The Ad-hoc Thesaurus is used to test the creation of a new thesaurus. A mini-thesaurus was built with 1 Domain (subject field), 3 Subdomains (micro-thesauri), 13 Preferred Terms or Descriptors, 1 Non-Preferred Terms or Non-Descriptors and 1 Scope Note. This thesaurus is a simplification, inspired by the Eurovoc thesaurus, with the minimal elements necessary to facilitate tests relating to construct support and integrity. It is the thesaurus proposed to build with the edit functionalities of the tools evaluated. It contains the constructs included in the tests: Domains (subject fields), Subdomains, Descriptors, Non-Descriptors, Synonyms, Notes, lexical variants, BT/NT relationships, RT relationships and polyhierarchy. It includes two levels of hierarchical relationship (BT1, BT2, NT1 and NT2). It is shown in Figure 1. Geography is the subject field. The three microthesauri are preceded by the key ‘MT’ in the figure. Top Terms are recognized by the ‘TT’ keyword. A simpler version is used when polyhierarchy or several domain levels are not supported: this minimal version contains just two microthesauri, Europe, Regions of EU Member States, which eliminates the subject field (Geography) and the polyhierarchy (Spain only appears once as narrower term, instead of twice).

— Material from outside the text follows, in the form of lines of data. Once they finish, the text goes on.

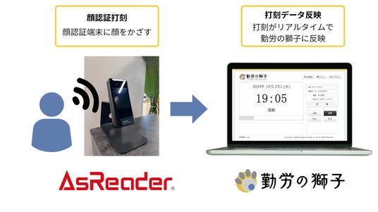 これにより、「勤労の獅子」を利用する企業は、従来のICカードやスマートフォンを使った打刻に加え、 非接触・高精度な出退勤管理が可能となります。リアルタイムのデータ反映による勤怠管理の効率化となりすまし対策によるセキュリティ向上を実現します。
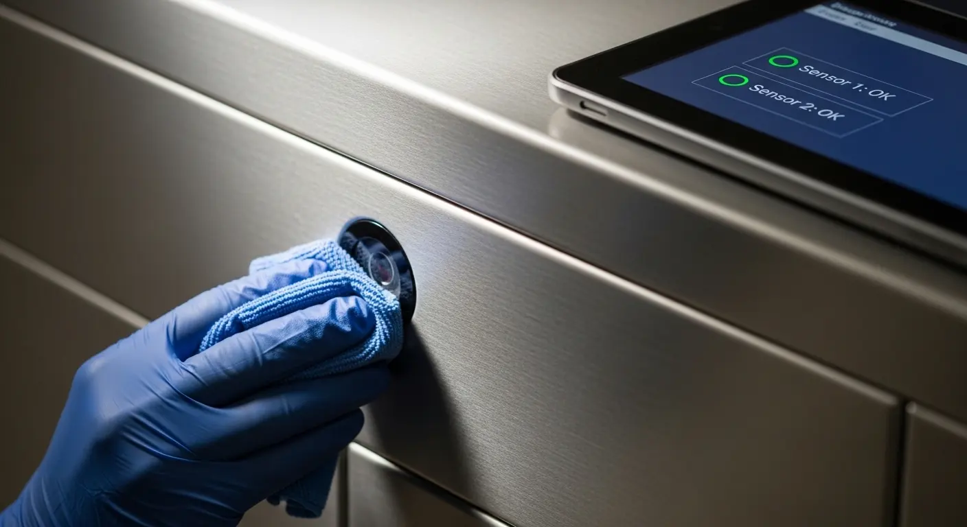 赤外線発射器と受信機は、小さなプラスチックやガラスレンズの背後に配置されています. 塵, 手に触れたグリース, そして結露が数か月にわたって蓄積し、信号強度を低下させます. 汚染されたレンズはビームを弱め、断続的な誤検出や誤検出の事象を引き起こします. 清掃頻度: 交通量が多い場所や埃っぽい環境で30〜60日ごとに.
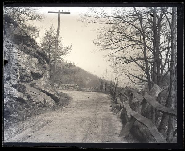Glass negative showing River Road, a dirt road with a wooden fence on the right and a rocky cliff face on the left. Trees stand behind the fence and a telegraph pole stands at the bend in the road on the left.
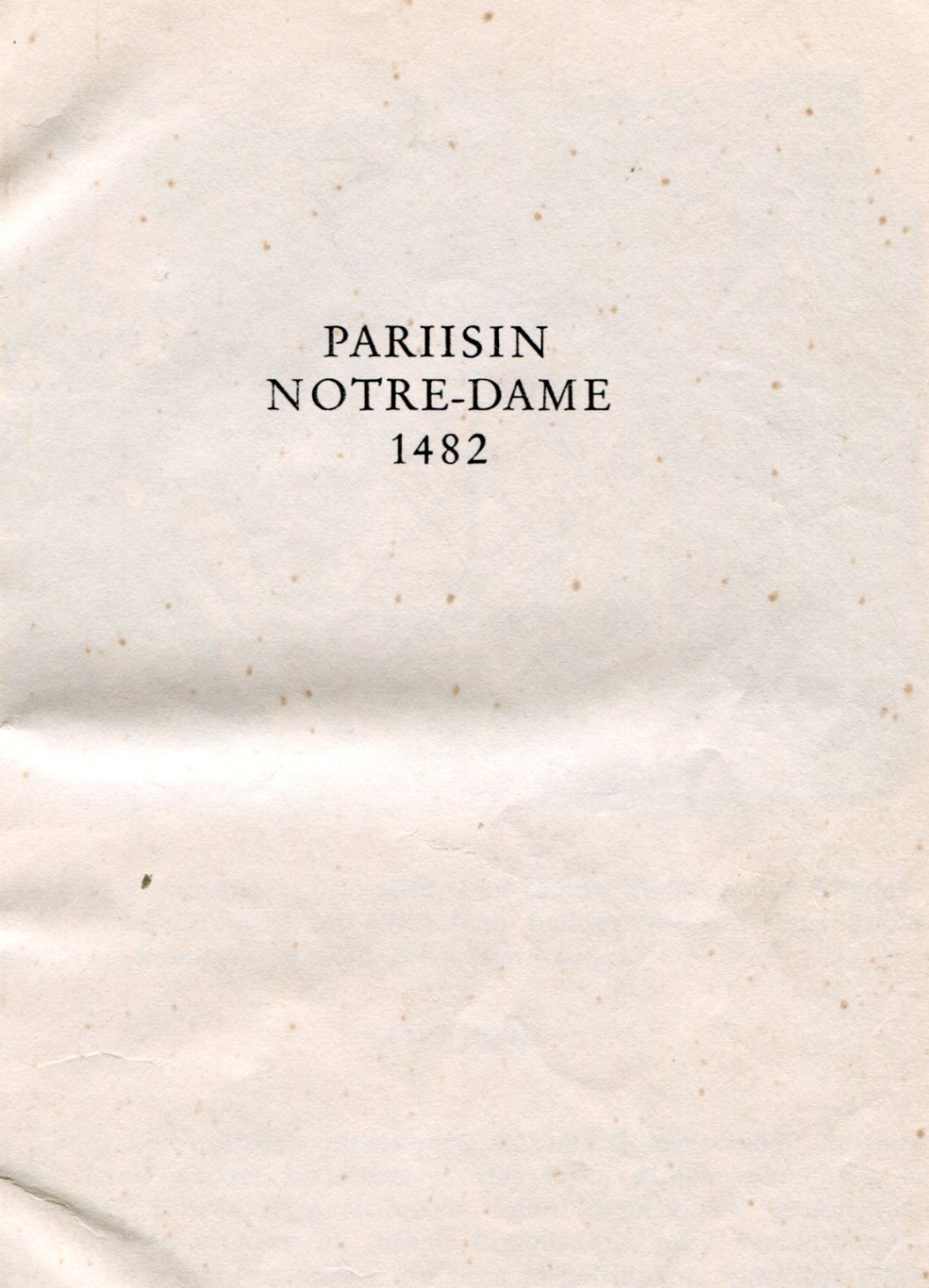 Notre-Dame de Paris (1831) Kirjailija: Victor Hugo Sivuja: 512 Kuvitus: Fortune Méaulle Suomentaja: ? Kustantaja: Saaristo & Kn:it
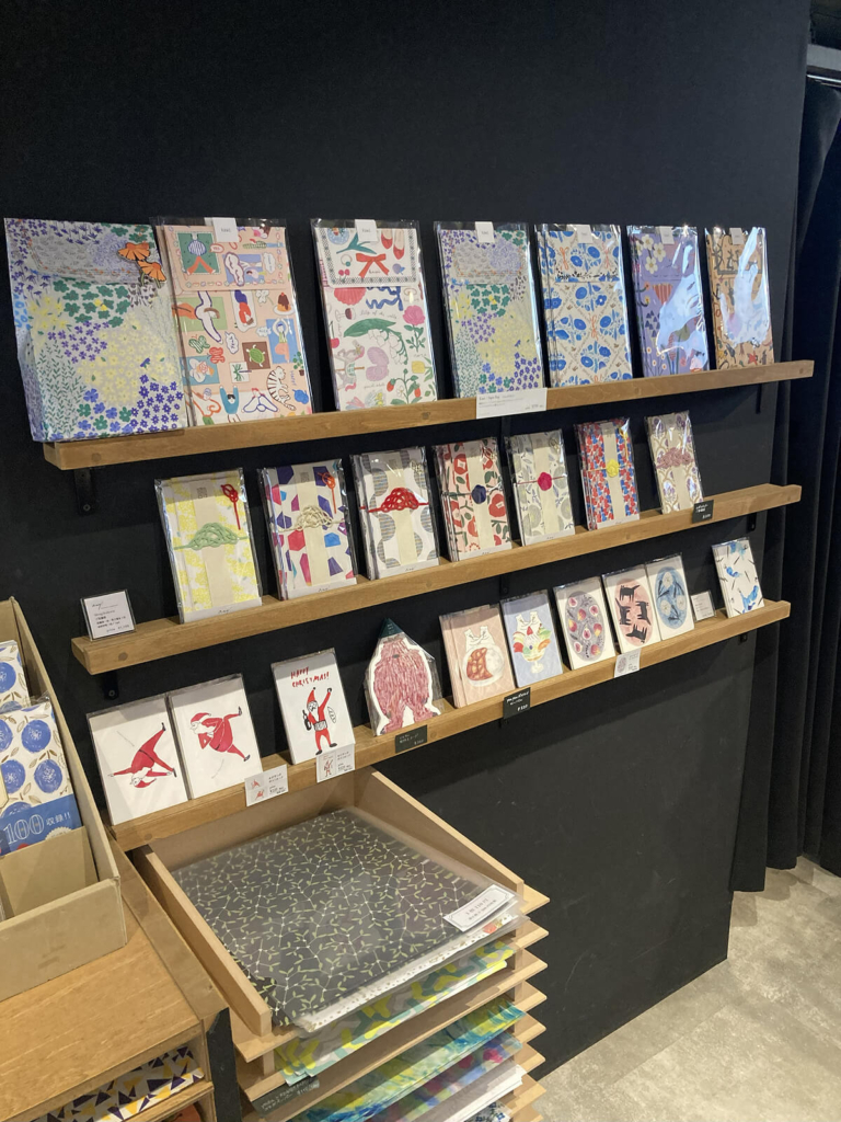 細かく仕切られた棚に、花や動物などの個性的な柄がプリントされたラッピングペーパーがお行儀よく並べられている様子は、見ていて思わず笑みがこぼれます。
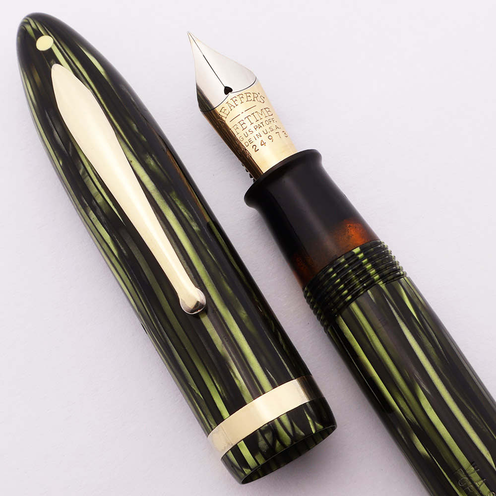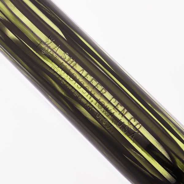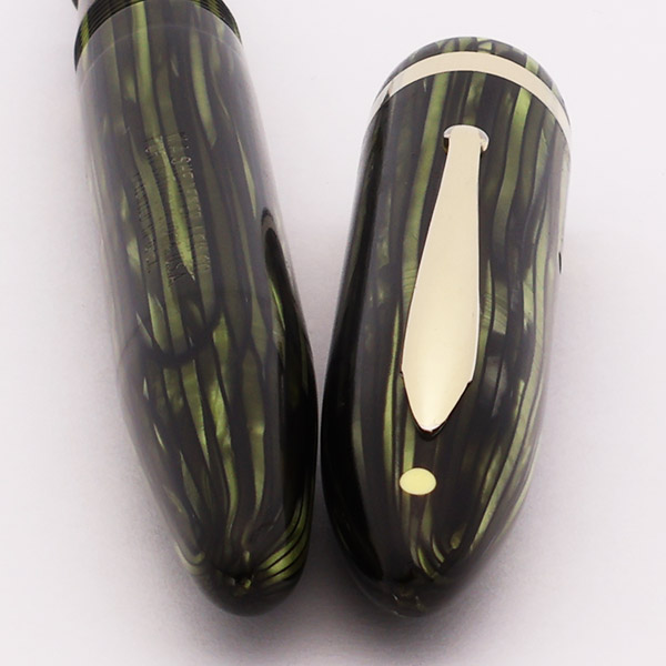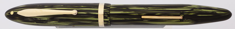 Color Marine Green striated celluloid with gold plated trim. It has a white dot above the clip and the radius clip. The cap band is 1/8" wide.
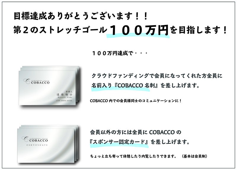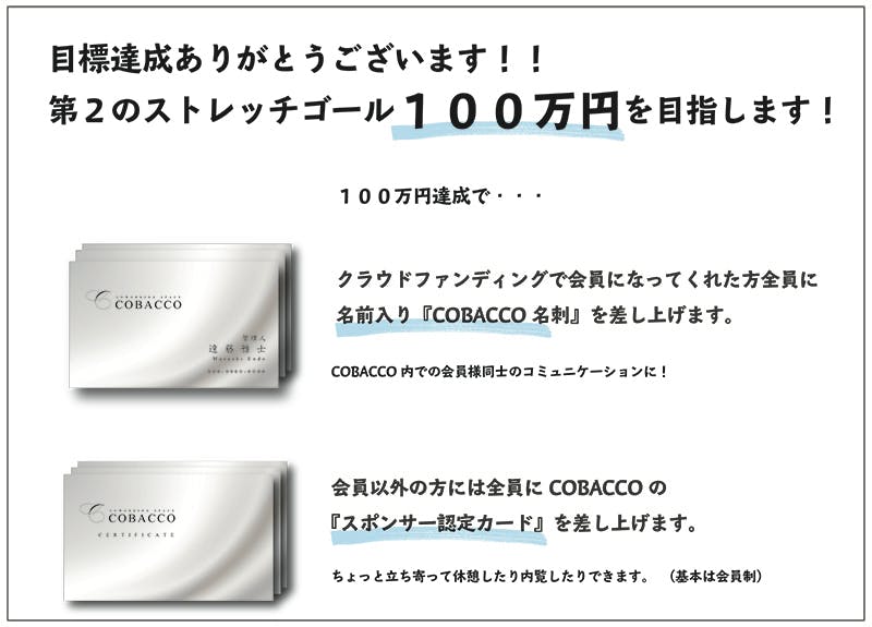2020/03/16 23:03昨日まで開催しておりました、当プロジェクトですが、達成というかたちで無事に終了致しました。58名様の方にご支援をいただき、本当にありがとうございました。期間中、何度も何度もSNSで発信していたため、不快に思われた方も中にはいらっしゃるかもしれません。そういった方々におきましてはご迷惑をおかけしてしまい申し訳ございませんでした。今回のクラウドファンディングにてご支援いただきました方々、また会社様におかれましては『支援者様一覧』としてCOBACCOのWEBサイトに掲載させていただきましたので、↓のリンクからご確認ください。▶スポンサーページ◀何度も確認は致しましたが、万が一記載漏れや誤字・脱字、リンクミスなどがございましたらお伝えください。その際は直ちに修正させていただきます。また、それぞれのリターンに関しましては明日以降、順番にメールでの対応をさせていただきますので、引き続き宜しくお願い致します。改めまして、この度は本当にありがとうございました! もっと見る
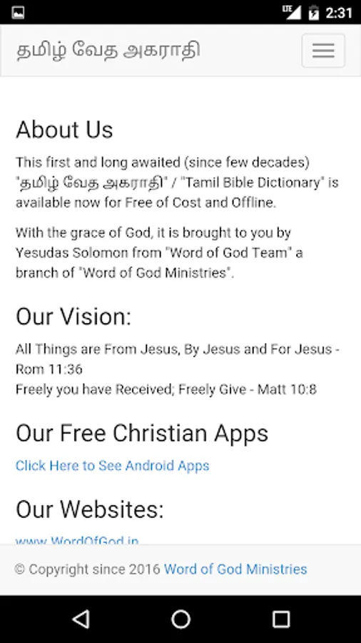 This first and long awaited (since few decades) "Tamil Bible Dictionary" is available now for Free of Cost and Offline.
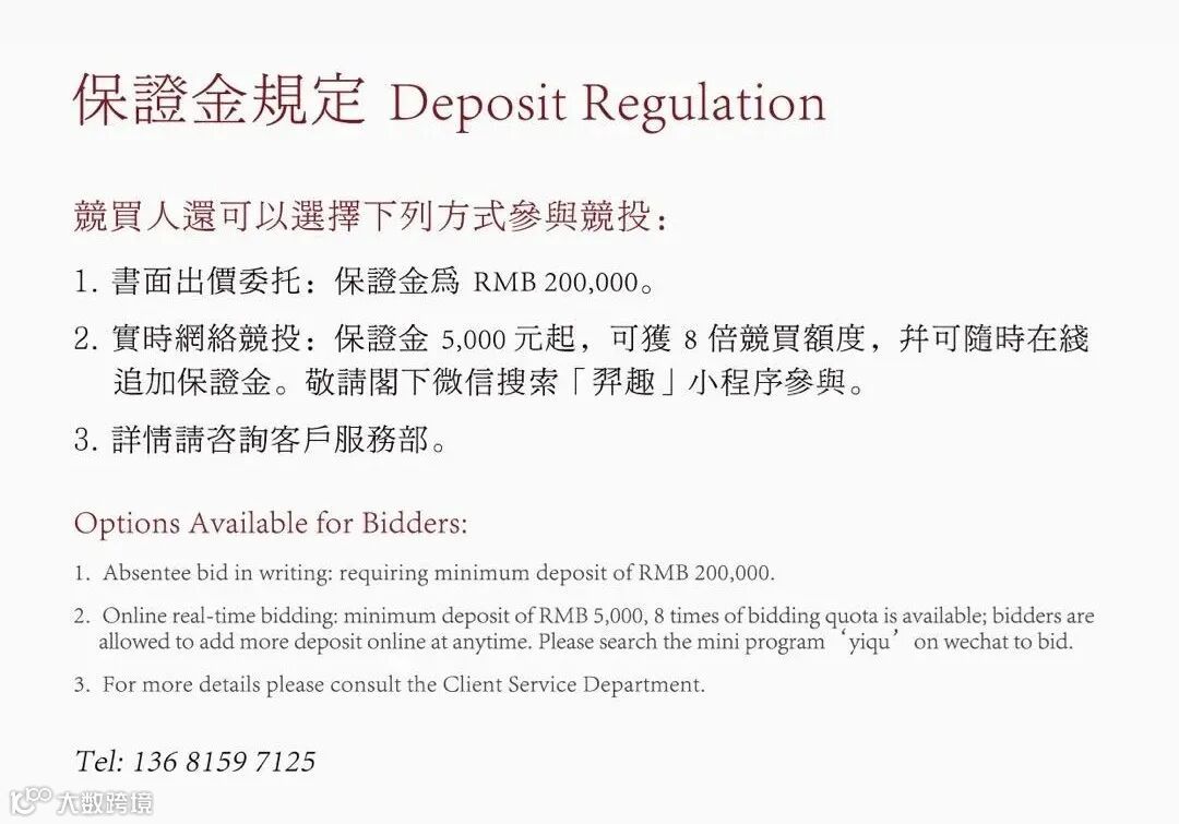 需要提前交纳人民币不少于 5000 元的保证金,按照 1:8 的比例使用,保证金余额不足亦可追加。保证金可以通过大羿拍卖小程序使用微信支付,由于微信保证金各银行转帐有限额规定,阁下亦可通过网上银行(限中国大陆境内银行)转账至北京大羿拍卖有限公司银行帐户。
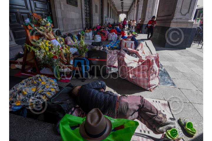 TOLUCA, ESTADO DE MÉXICO, 16FEBRERO2025.- Cientos de peregrinos arriban a la capital mexiquense como parte de la LXXXVII Peregrinación Diocesana al Tepeyac de la Arquidiócesis de Toluca, provenientes de diversos municipios este día descansan en la zona centro y mañana lunes a muy temprana hora retoman su camino después de escuchar misa y ser bendecidos en la Catedral de Toluca. FOTO: CRISANTA ESPINOSA AGUILAR /CUARTOSCURO.COM
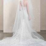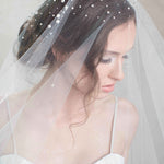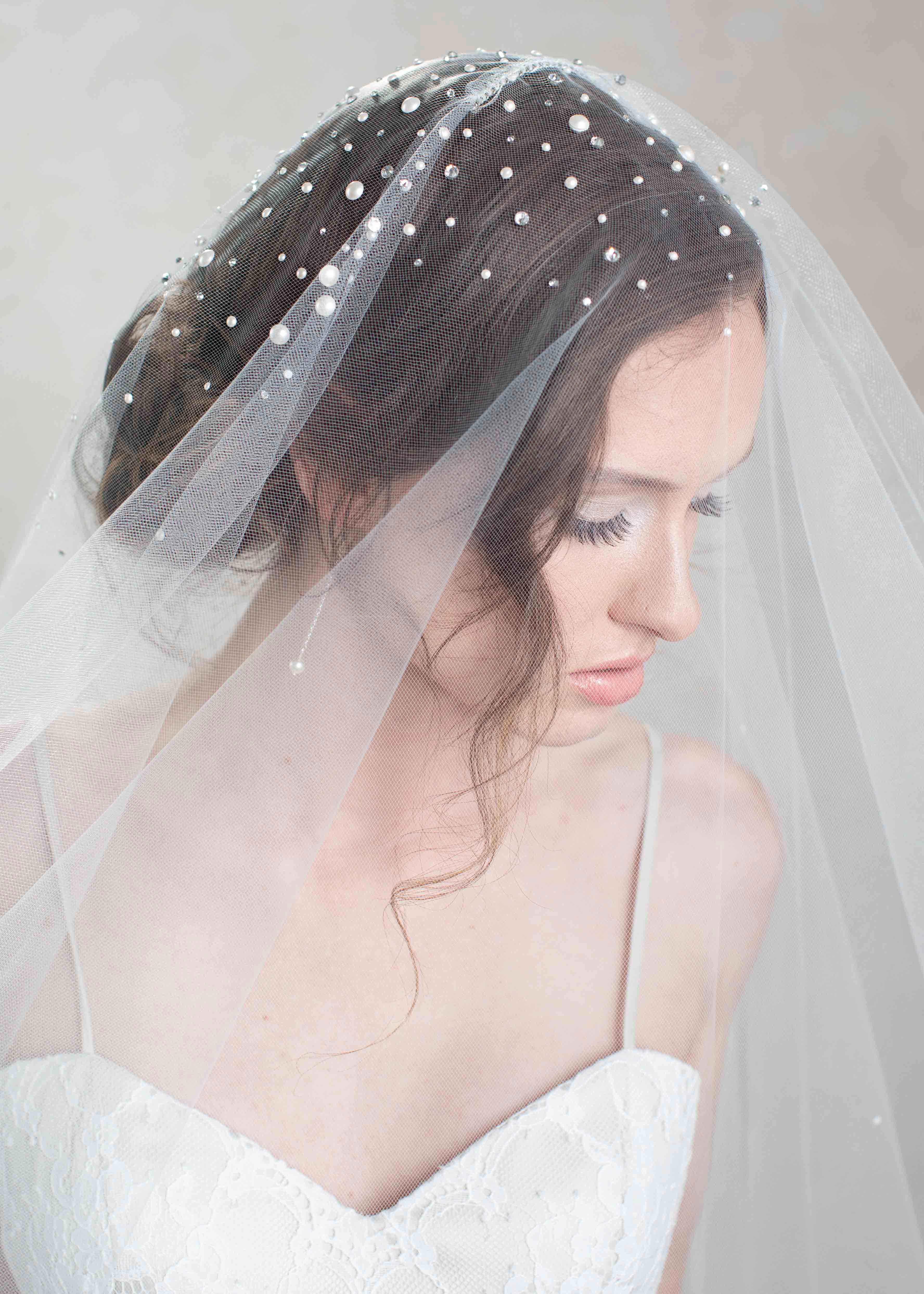 The ILLUSTRIA pearl and crystal veil will add the finishing touch to your wedding day look. This two-tier cathedral length veil measures 108 inches long, adding a romantic feel to your bridal ensemble. The fold-over cut will add a beautiful cascade to the back of your bridal gown. Attached to a 3 inch wide silver metal comb, this veil will stay securely in your hair. The raw edge will also allow the veil to blend in with your dress. No need for a hairpiece, this veil has ALL the drama you’ve been looking for.
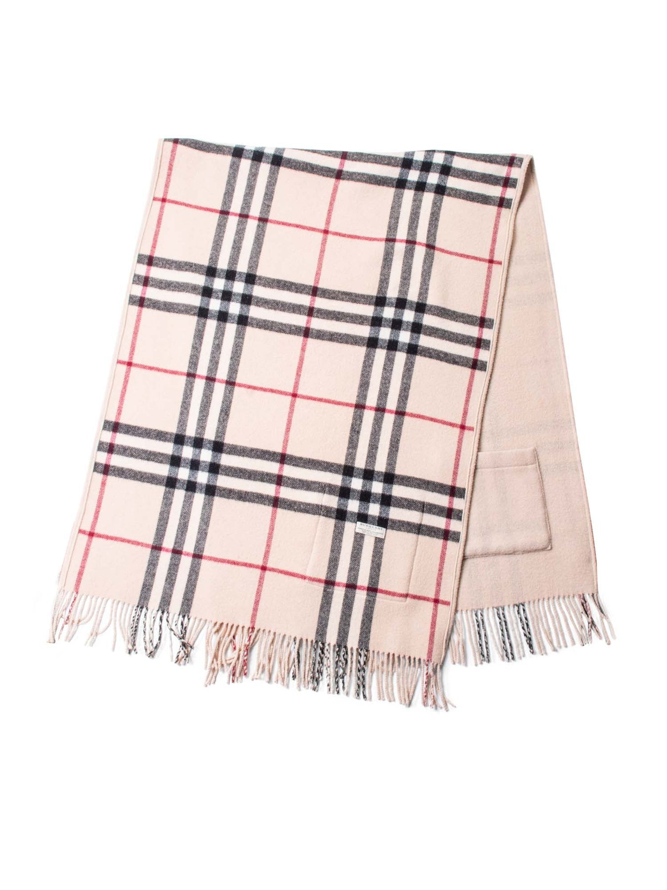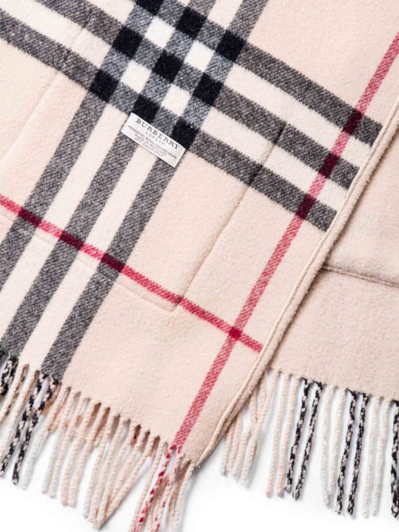 Burberry House Check Wool Poncho or . This Burberry poncho is crafted in double sided wool, on side featuring classic beige color and the other side featuring house check pattern by Burberry. The poncho has fringe detail on the trim and two patch pockets.
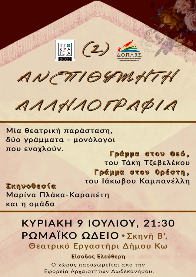 Τη θεατρική παράσταση Ανεπιθύμητη Αλληλογραφία (2) Γράμμα στον Θεό του Τάκη Τζεβελέκου και Γράμμα στον Ορέστη του Ιάκωβου Καμπανέλλη παρουσιάζει το Θεατρικό Εργαστήρι Δήμου Κω Σκηνή Β΄ την Κυριακή 9 Ιουλίου στις 9.30 το βράδυ στο Ρωμαϊκό Ωδείο στα Θερινά Ιπποκράτεια 2023.
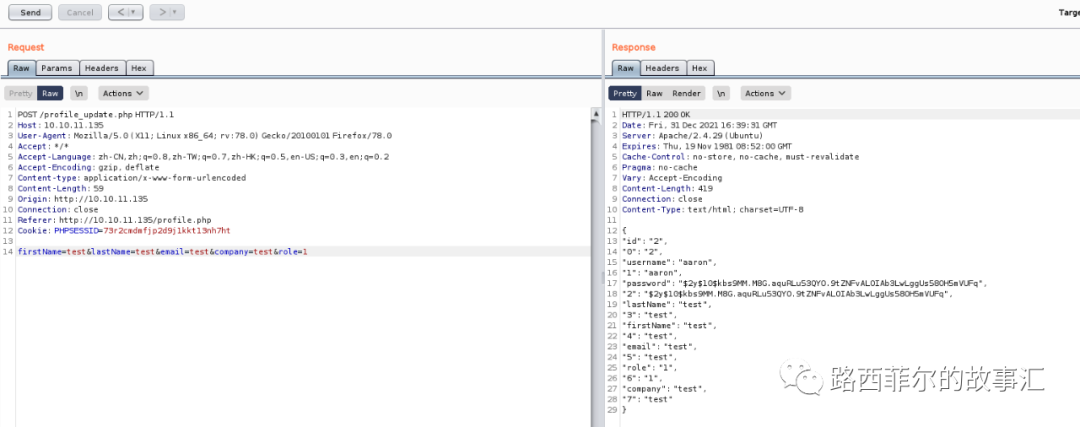 这里可以看到,咱们要使用文件上传功能那就得有一个role1的权限,但是目前没有任何线索能得到关于role1的内容,这里把/etc/passwd内获取到的账户aaron拿去尝试一下

The UKAT Thesaurus: SKOS/RDF representation.¹⁰ UKAT took the UNESCO Thesaurus as its starting point, incorporating terms from other structured vocabularies (such as Library of Congress Subject Headings). It is organized into seven fields of knowledge (Education, Science, Culture, etc.), each of which is divided into microthesauri. Overall, the UKAT thesaurus has 83 microthesauri (such as Educational policy, Educational administration, etc.). Each microthesaurus is a grouping of terms. The number of descriptors (preferred terms) in the thesaurus is 13,976, and there are 6638 non-preferred terms. There are NT/BT and RT relationships, and notes. UKAT is poly-hierarchical, although the majority of terms have only a single broader term. Polyhierarchical terms have several broader terms and belong to several microthesauri. It is publicly available for download in SKOS-Core format (compliant with the SKOS-Core 1.0 RDF Schema), in English. Its file size is 9.9 MB. In this representation, there are Dublin Core attributes to describe the thesaurus. Micro-thesauri are represented with ConceptSchemes. Fields of knowledge are not explicitly represented.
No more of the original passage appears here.